For most patients, one of the biggest issue can be taking their medications as prescribed. Sometimes it’s difficult for people to admit that. This clinic is so helpful because it helps with strategies to remember medications (termed compliance) and reinforces that a high salt diet, anti-inflammatory drugs, stimulant medications for ADHD or narcolepsy, smoking, alcohol in excess of 2 drinks a day, will all raise blood pressure. We can screen for and discover these issues because our appointments are much more in-depth.

Measuring success

If a patient comes in and we can get their hypertension controlled in a few visits, they can graduate from the clinic and return to the care of their primary care physician who will then be able to manage their blood pressure effectively. Our biggest goal is to get any modifiable risk factors under control to prevent morbidity and mortality. People can have high blood pressure for so long they become desensitized and give up. Part of our mission is to show them we can get it under control. It’s not impossible. If you’re engaged in the process, our clinic is the best possible avenue for getting your hypertension under control and preventing heart attack, stroke, congestive heart failure, and kidney failure. Eliminating this risk has a huge impact on quality of life and life span.

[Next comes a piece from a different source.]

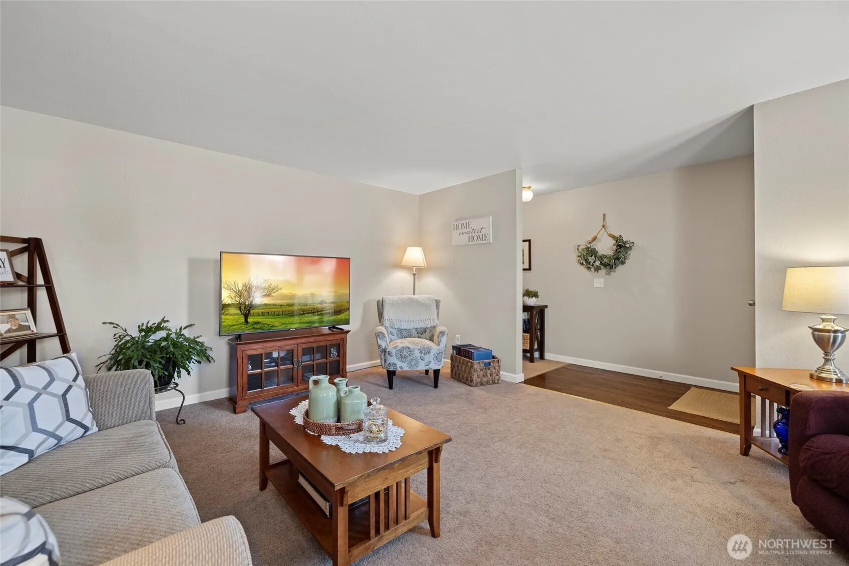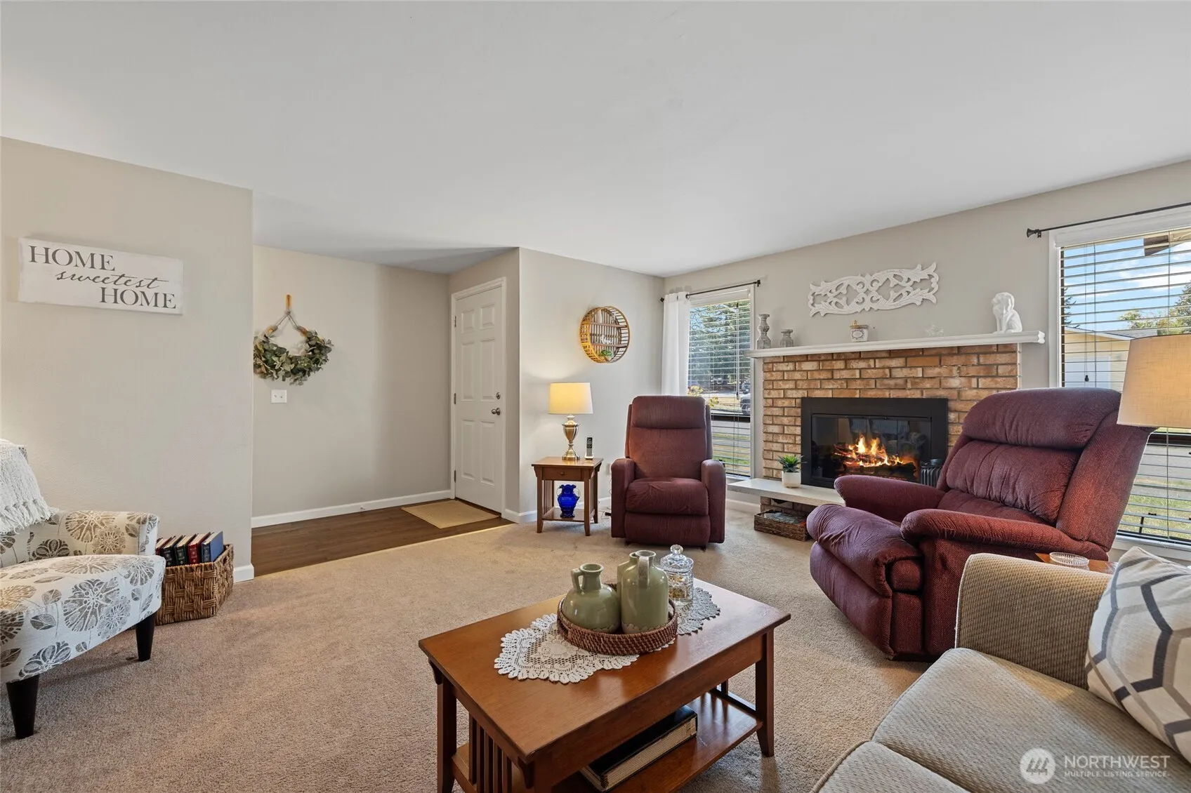 Discover this impeccably maintained single-story home, ideally located close to town, medical services, schools, and shopping, with freeway access just minutes away! Enjoy a serene fenced backyard with mature trees, lush landscaping, a covered deck, and a stamped concrete patio—perfect for relaxing or entertaining. The inviting living room features a cozy brick wood-burning fireplace. The primary bedroom includes a 3/4 bathroom, plus two additional bedrooms and a full hall bathroom. The eat-in kitchen offers space for a dining table and a sliding door to the deck. Updated in 2009 with new flooring, paint, roof, and furnace, this charming home blends classic style with modern comfort.

The accolades are usually given to the people who come in when there’s an emergency and fix the problem, but it’s even more valuable to have the physician, pharmacist or nurse practitioner who can step in ahead of that and prevent the problem in the first place. It’s difficult to recognize the value of preventative care because by definition there’s nothing wrong yet. People wonder if they really need treatment. The team at our clinic can help patients understand why it’s important and the easiest ways to keep their blood pressure under control.

Patients who wish to utilize the Parkview Hypertension Clinic do need a referral from a physician.